The Daily Globe - Serving Gogebic, Iron and Ontonagon Counties

Seniors get opportunity to ride area bike trails


July 16, 2018

Ralph Ansami/Daily Globe

DOUG HIPPE, of Ironwood, on Saturday shows a Duet tandem bicycle that will soon be available to give senior citizens rides on area trails at Cary Park in Hurley.


Hurley - Senior citizens who can no longer bicycle will be given the opportunity to ride the trails with a new bike that was on display Saturday at Cary Park in Hurley.

The bike was demonstrated at the Iron County Outdoor Recreation Enthusiasts event at the park.

On an 85-degree day with only slight breezes, bicyclists went out in intervals on the non-motorized trails.

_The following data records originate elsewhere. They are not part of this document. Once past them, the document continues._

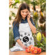 Excelente tecido. Resistente e espesso. Bom para não deixar respingos de café e outros alimentos sujarem a roupa. Quem ganhou adorou que o avental tinha bolsos. Eu e quem ganhou adorou a impressão. De excelente qualidade e muito bom gosto.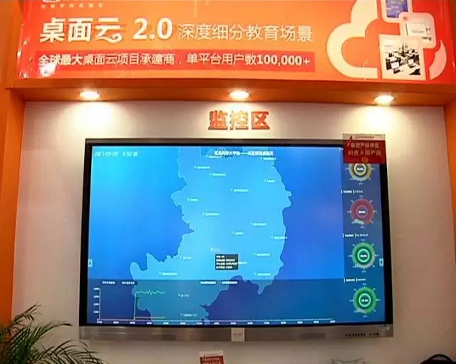 在展台的另一边,一个名为云学区的显示器吸引了不少人的目光。工作人员告诉记者,云学区是国内第一款针对区县级教育系统量身定制的教育桌面云产品。它最大的特点是,以区县为单位部署数据中心,为区域内所有学校提供教学桌面和办公桌面,能够最大化的实现教育资源共享。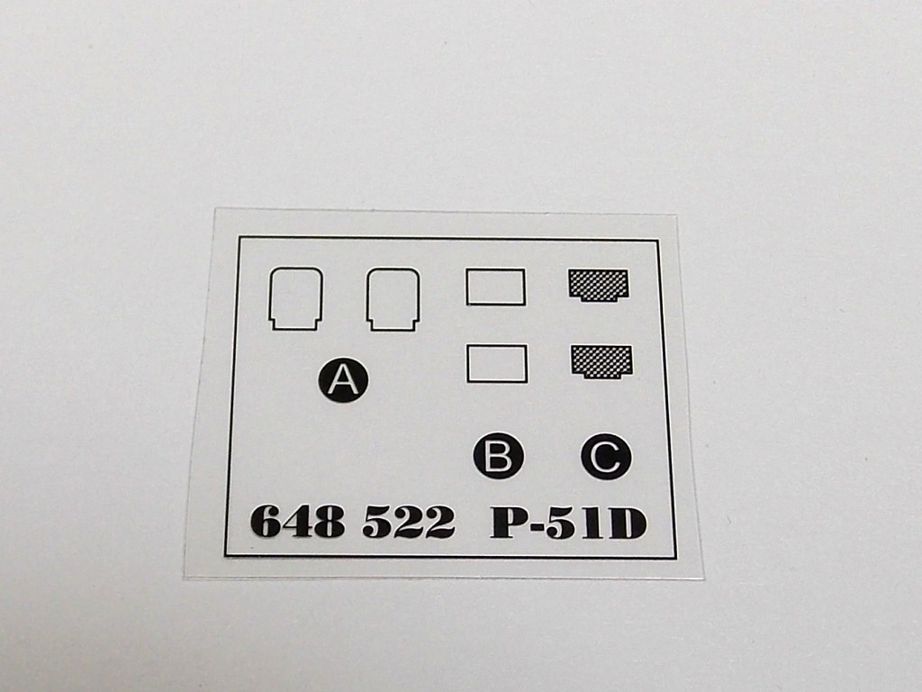 Ďalej je to brassinová "základňa", na ktorej su odliatky troch zameriavačov. Použijeme typ podľa zvolenej verzie "Mustang-a". Ďalej je to malá planžietka s dvoma leptanými dielmi a na záver aršík obtiskov. Ešte teda aby som nezabudol je tam pribalený malý film presklenia na zameriavač.

It was a fundraiser for ICORE, but Enni Gregas, of the Friends of the Iron Belle Trail, said all of the non-motorized enthusiasts in the area tend to help out each other at such gatherings.

"We support ICORE," Gregas said.

Doug Hippe, of north Ironwood, a member of the Iron Belle Wheelers, showed how the Duet bike will be used to offer the physically handicapped and the elderly rides.

Basically, the passenger sits in the front, padded seat and is strapped in with a seat belt. There are two wheels in the front. The operator pedals from the rear.

There's an electric assist on the tandem bike, which was developed in the Netherlands. The assist can be activated by the operator for steep hills.

Hippe, who is volunteer coordinator for the Wheelers' bike plans, said a schedule will eventually be set up for use of the bike for people in nursing homes, for example.

He said it was purchased through contributions from the Gogebic Range and Superior health foundations.

The bike and a trailer to transport it cost around $10,000.

Gregas said she'd like to see more than one bike purchased.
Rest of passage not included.